Ellas también enfrentan el fuego: la historia de Priscila y las brigadistas de incendios forestales

En un mundo donde el calor del fuego suele asociarse con un trabajo masculino, cada vez más mujeres como Priscila López, brigadista del SPLIF, se ponen el casco, agarran la herramienta y enfrentan incendios forestales. Hoy, su lucha trasciende fronteras y pone en el centro un rol muchas veces invisibilizado: el de la mujer combatiente del fuego.

Sabado, 14 de febrero de 2026 a las 09:31

“Hola, mi nombre es Priscila López, soy combatiente de incendios forestales de la Comarca…”

Esas palabras, compartidas en redes sociales por la joven brigadista del Servicio Provincial de Lucha contra Incendios Forestales (SPLIF) de El Bolsón, desataron una corriente de apoyo y solidaridad, pero también encendieron una conversación necesaria: ¿Cuál es el lugar real de las mujeres en el combate del fuego?

Priscila no está sola. Su historia representa a cientos de mujeres que, cada temporada, se levantan antes del alba, cargan mochilas pesadas, apagan brasas incandescentes y caminan kilómetros entre humo y cenizas; sin embargo, muchas veces sus nombres no aparecen en la primera plana, ni siquiera en el relato más emotivo sobre incendios forestales.

Hoy, Priscila fue seleccionada para participar en un evento internacional de formación en manejo del fuego – WTREX QUIJOTA 2026, que se realizará en Castilla-La Mancha, España. Esta convocatoria no es un simple viaje: es el reconocimiento a una trayectoria, al compromiso de una mujer que, ante la adversidad, elige aprender más, aportar más y enseñar a otras.

Pero el obstáculo económico – para costear pasajes, estadía y materiales – puso sobre la mesa otra realidad difícil: aunque hay reconocimiento simbólico, no siempre hay apoyo estructural. Así, Priscila recurrió a sus redes, a su comunidad y a quienes comparten sus sueños para buscar donaciones, rifas y apoyo.

 

Una presencia que crece entre el humo

Durante décadas, la lucha contra incendios forestales fue vista como territorio casi exclusivo de hombres. El peso físico de las herramientas, la dureza de los terrenos, las jornadas interminables: todo parecía excusar a las mujeres de estar en la primera línea. Sin embargo, esa narrativa empieza a resquebrajarse.

Mientras unos pocos recuerdan a pioneras como Marguerite “Muts” Ruttenberg, la primera mujer en integrarse formalmente a brigadas en los Estados Unidos en la década del 70, muchas olvidan que la presencia femenina se ha mantenido constante, aunque muchas veces invisible, en casi todos los rincones del mundo.

En la Patagonia argentina, y en particular en la comarca del Bolsón, Lago Puelo y El Hoyo, las temporadas de incendios forestales son un desafío recurrente. Años atrás, grandes frentes arrasaron superficies extensas afectando bosques nativos, viviendas y la vida de cientos de familias. Fue en esos momentos de crisis que la participación de mujeres se volvió indispensable.

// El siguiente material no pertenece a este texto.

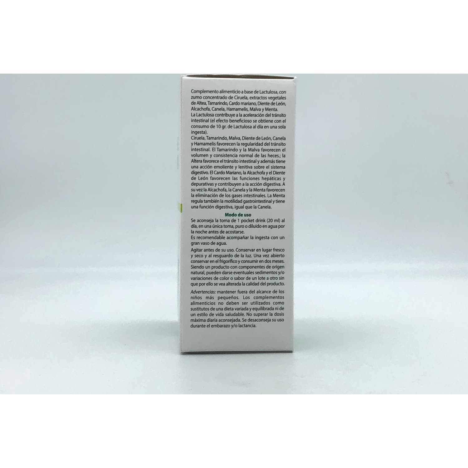 Complemento alimenticio en envases monodosis a base de lactulosa y extractos vegetales que contribuye a apoyar la función y el tránsito intestinal. Tiene un agradable sabor a cereza.

Brigadistas, auxiliares, logísticas, cocineras de campo, coordinadoras de base: mujeres en todos los roles posibles, desde la dirección táctica hasta el apoyo moral en campamentos improvisados. Lo esencial: están ahí.

 

Más allá de la fuerza física

Combatir incendios forestales exige resistencia, estrategia, técnica y temple. En ese sentido, las mujeres han demostrado no solo estar a la altura, sino aportar características valiosas que, en muchos casos, marcan la diferencia.

Trabajo en equipo y comunicación: En contextos extremos, la claridad para transmitir órdenes y contenidos técnicos salva vidas. Muchas mujeres han sido destacadas por su capacidad para establecer protocolos de comunicación que evitan confusiones en momentos críticos.

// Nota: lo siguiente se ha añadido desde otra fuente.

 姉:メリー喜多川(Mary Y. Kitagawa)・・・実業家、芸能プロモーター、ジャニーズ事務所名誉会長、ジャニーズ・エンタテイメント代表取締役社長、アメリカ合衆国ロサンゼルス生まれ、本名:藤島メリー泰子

Gestión emocional: El fuego es impredecible, la situación cambia en segundos y el estrés es constante. La sensibilidad para monitorear el estado anímico del equipo y ofrecer contención es una cualidad que muchas combatientes han sabido equilibrar con la toma de decisiones firmes.

Liderazgo colaborativo: En terrenos complejos, una estrategia rígida puede fracasar. Mujeres líderes han promovido modelos de conducción más flexible, capaces de adaptarse rápidamente a cambios de viento, reacciones del fuego o necesidades de nuevos recursos.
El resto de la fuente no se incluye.